The overall enrichment of incompatible elements, as well as the Sr–Nd–Pb isotopic ratios, highlights the contribution of a HIMU-like component to the genesis of the studied samples. This feature seems to be common throughout the WARS (Hart & Kyle, 1994; Hart et al., 1997; Panter et al., 2000, 2003) with 206Pb/204Pb values varying between 19·3 and 20·1 in the western Ross Sea region, whereas in Marie Byrd Land 206Pb/204Pb values vary between 19·5 and 20·9 (Hart et al., 1997; Panter et al., 2000). Such high 206Pb/204Pb values are commonly thought to be derived from deep mantle plumes that include slab materials recycled into the deep mantle over a time period of the order of 109 a. However, it has been suggested that similarly high 206Pb/204Pb ratios in ocean island settings could also result from the enrichment in U relative to Pb of the magma source at rather shallow depths over a time interval of the order of 108 a, similar to the age of the adjacent oceanic lithosphere (Halliday et al., 1995). Furthermore, it is increasingly recognized that HIMU sources may also exist within the sub-continental lithosphere, generated by the infiltration of metasomatic fluids and melts (Stein et al., 1997; Pilet et al., 2005, 2008).
Evidence for metasomatic enrichment processes in the source of the NVL Cenozoic basalts is found in peridotite xenoliths containing amphibole veins and/or pyroxenitic portions with dominant amphibole (Coltorti et al., 2004; Perinelli et al., 2006). These amphiboles could have originated by metasomatic reaction of pre-existing clinopyroxene with a metasomatizing Na-alkaline, highly undersaturated, hydrous silicate melt (Coltorti et al., 2004). This type of veined mantle source readily explains the occurrence of K and Ti (for nephelinitic samples) negative anomalies in the trace element distribution patterns in terms of residual amphibole and/or phlogopite in the mantle source.

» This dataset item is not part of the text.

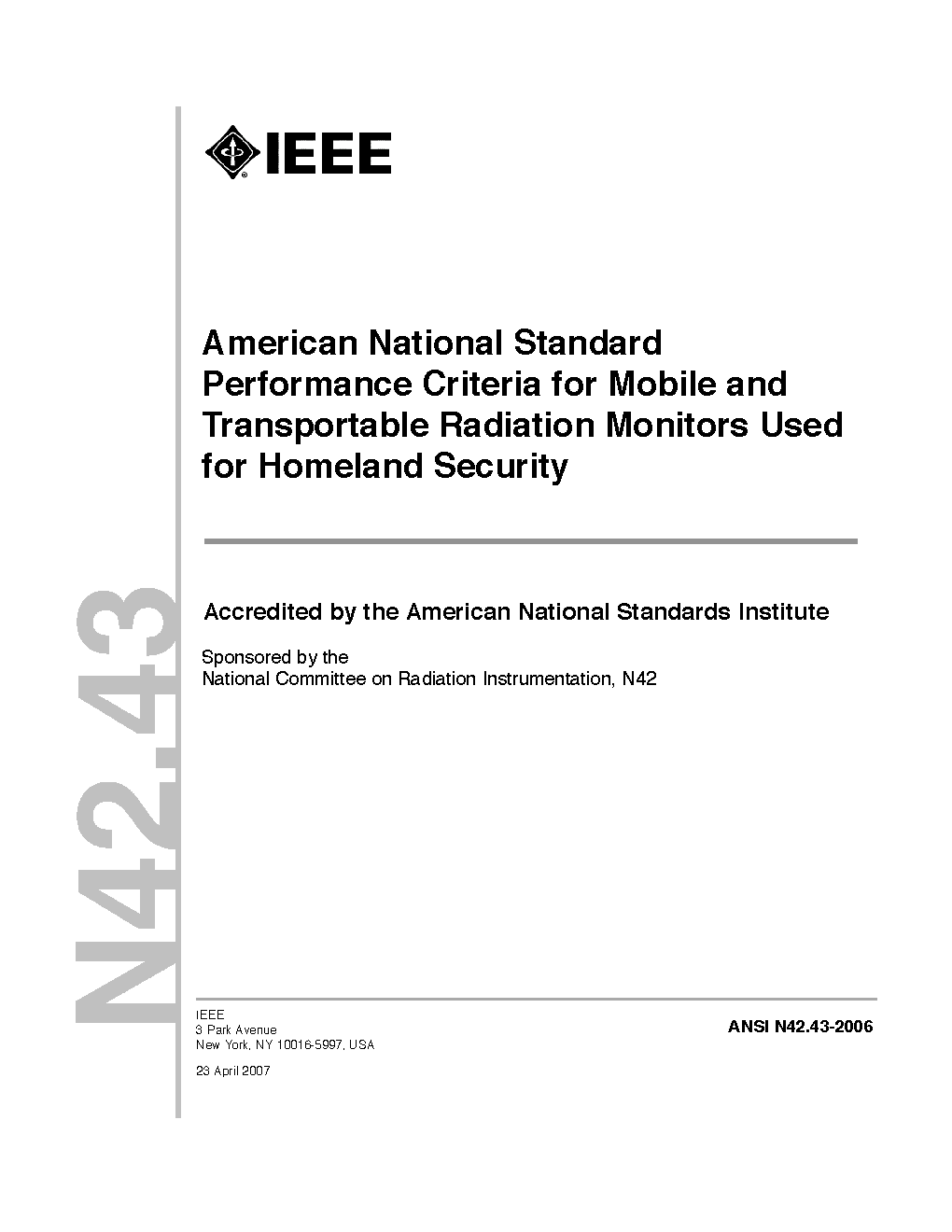 The operational and performance requirements for mobile radiation monitors (MRMs) used in homeland security applications are specified in this standard. MRMs may be operated while in motion or while in a fixed location.

Knowledge of the age(s) of this(these) metasomatic event(s) is necessary to improve the geodynamic time-frame of the generation of the magma sources. A rough, yet very useful estimate of such an age can be obtained based on the assumption of a two-stage (Finn et al., 2005) or a multi-stage (Lucassen et al., 2008) mantle evolution, as suggested by petrological constraints. In this context, our modelling assumes that a Bulk Earth–FOZO mantle composition is affected by one or more (auto)metasomatic events, increasing its U/Pb ratio. In detail, the starting mantle composition lies on the evolution line of the ubiquitous FOZO-like mantle, which with a U/Pb value of 0·16 would lead to a present-day 206Pb/204Pb of 19·5. Lead isotope compositions attained at 150, 100 and 50 Ma benchmarks are assumed as further starting points to calculate the Pb isotopic evolution of metasomatically enriched domains in which the U/Pb ratio was increased to values between 0·5 and unity (a value 10% lower than the maximum observed in our samples to take into account the slightly lower incompatibility of U with respect to Pb during melting).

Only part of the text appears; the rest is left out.